• Crude oil prices stabilised following early-February gains, with ICE Brent rising more than NYMEX WTI which was weighed down by swelling US stockpiles. At the time of writing, Brent was trading at around $58/bbl – up nearly 30% from a six-year low in January. WTI was at around $48/bbl.
  • Having bottomed-out in 2Q14, global oil demand growth has since steadily risen, with year-on-year gains estimated at around 0.9 mb/d for 4Q14 and 1.0 mb/d for 1Q15. The forecast of demand growth for 2015 as a whole has been raised by 75 kb/d to 1.0 mb/d, bringing global demand to an average 93.5 mb/d.
  • Global supply rose by 1.3 mb/d year-on-year to an estimated 94 mb/d in February, led by a 1.4 mb/d gain in non-OPEC. Declines in the US rig count have yet to dent North American output growth. Final December and preliminary 1Q15 data show higher-than-expected US crude supply, raising the 2015 North American outlook.
  • OPEC crude output edged down by 90 kb/d in February to 30.22 mb/d, as losses in Libya and Iraq offset higher supply from Saudi Arabia, Iran and Angola. A slightly higher demand forecast has raised the 2H15 ‘call’ on OPEC crude to 30.3 mb/d, above the group’s official 30 mb/d target.
  • Global crude refinery throughputs estimates have been raised to 77.8 mb/d for 1Q15 and 77.3 mb/d for 2Q15, on sustained high margins and a slightly more robust oil demand outlook. Annual gains are forecast around 1.0 mb/d in 1H15, down from a sharp 2.2 mb/d in 4Q14, and in line with projected oil product demand growth.

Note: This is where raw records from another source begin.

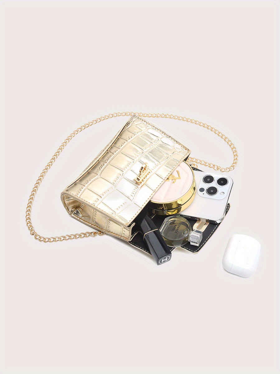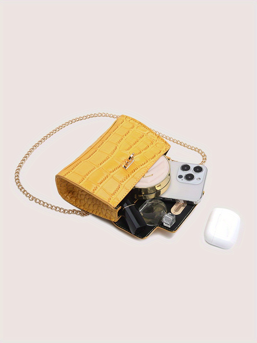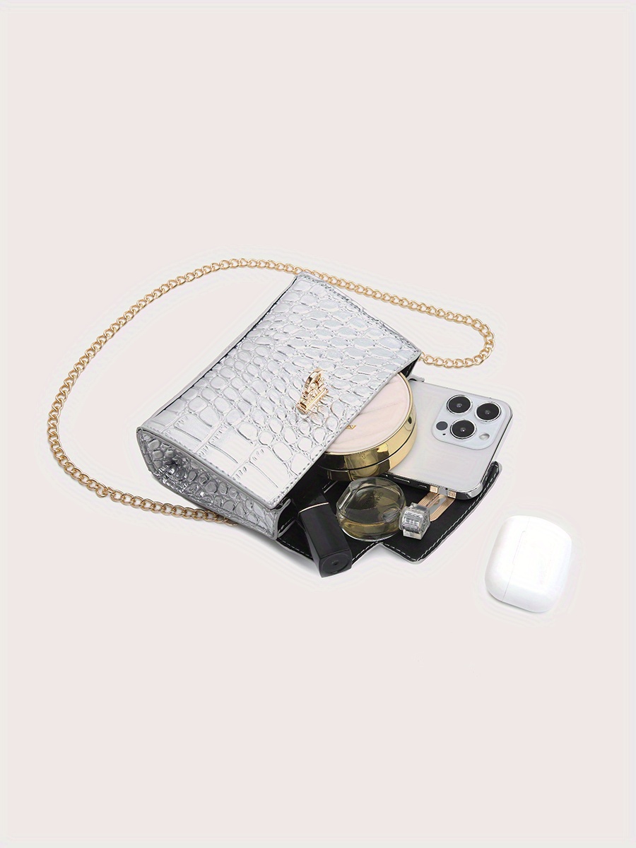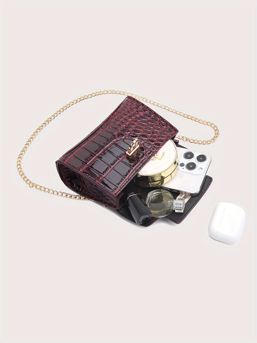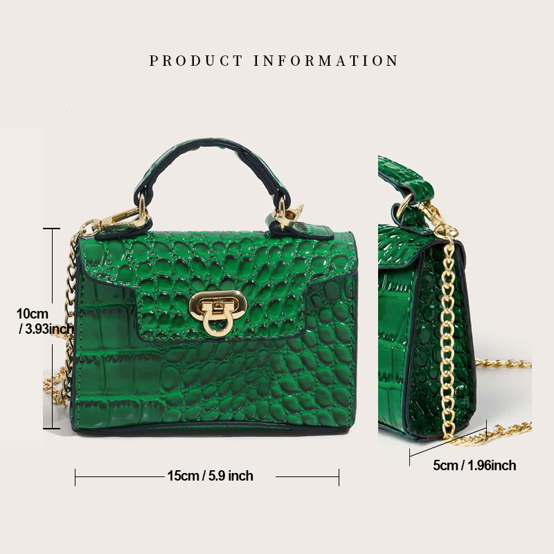 クロコ型押し ショルダーバッグ 無地 チェーンストラップ クロスボディ バックル装飾 トップハンドル レディースバッグ
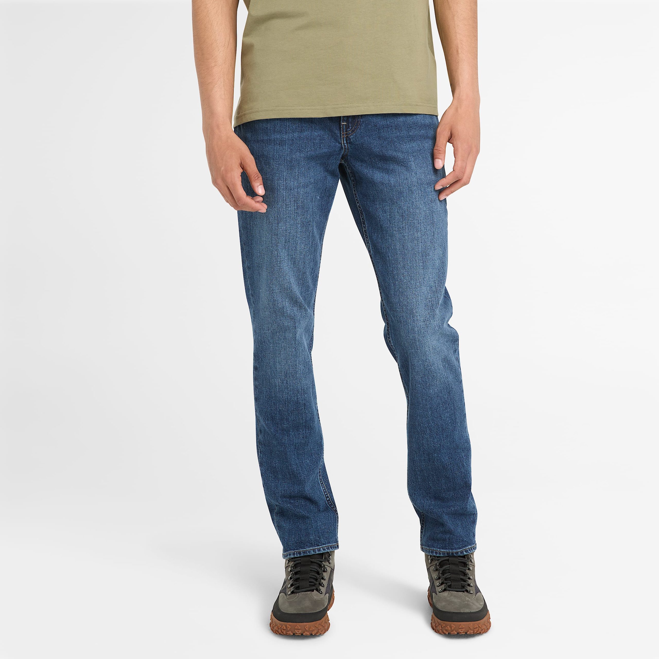 Jeans sandown 5 pocket slim denim mid indigo Questi comodi jeans slim elasticizzati, realizzati in 98% cotone biologico nel tradizionale design a cinque tasche, sono un classico dallo stile moderno.
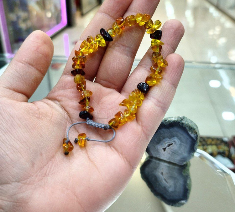 خرید و قیمت دستبند سنگ چیپسی /سنگ کهربا طبیعی درجه یک لهستانی/
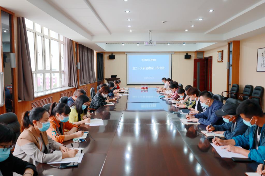 8月26日下午,学校在图书馆603南会议室召开了迎二十大安全稳定工作会议。院长曹然彬、党委书记郭伟东、总会计师姜岩、副院长白雪出席,各部门负责人参加。 会上,白雪副院长传达了《全省“迎二十大安全生产百日攻坚...
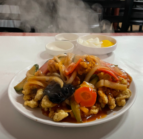 - 4. 갓 튀긴 고기에 소스를 곁들이면 맛있는 은평구 쟁반짜장, 탕수육 스타일의 한 상이 차려집니다.
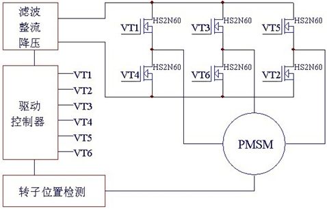 方案中無刷直流電機(jī)(BLDCM)輸入(110V/220V)交流電,經(jīng)轉(zhuǎn)換器(converter)轉(zhuǎn)成直流,要轉(zhuǎn)入電機(jī)線圈前須先將直流電壓由換流器(inverter)轉(zhuǎn)成3相電壓來驅(qū)動(dòng)電機(jī)。換流器(inverter)由6個(gè)功率MOSFET(VT1~VT6)分為上臂(VT1、VT3、VT5)/下臂(VT2、VT4、VT6)連接電機(jī)作為控制流經(jīng)電機(jī)線圈的開關(guān)。MCU提供PWM(脈沖寬度調(diào)制)決定功率MOSFET HS2N60IB開關(guān)頻度及換流器(inverter)換相的時(shí)機(jī)。
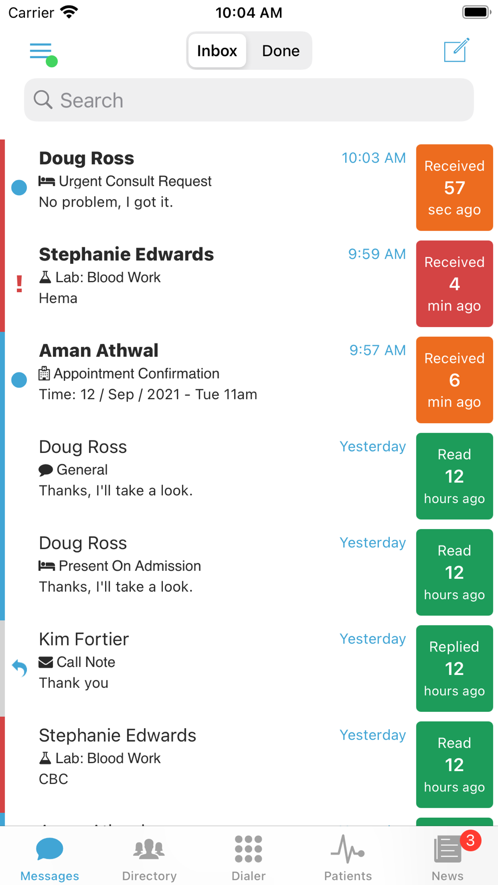 • Unified Communications: Our mobile applications allow for real-time texting and voice communication between clinicians. Multimedia messaging with photos, voice, and attachments are supported as are the ability to record and deliver voicemails when clinicians are busy with patients.

  • OECD commercial stocks rose by a weaker-than-average 23.1 mb in January, to 2 733 mb, trimming their surplus to average levels to 60.3 mb. US crude stocks rose to a record 72 mb surplus. Preliminary data show stocks drew by a weak 8.8 mb in February as extended US crude builds offset steep weather-related product draws.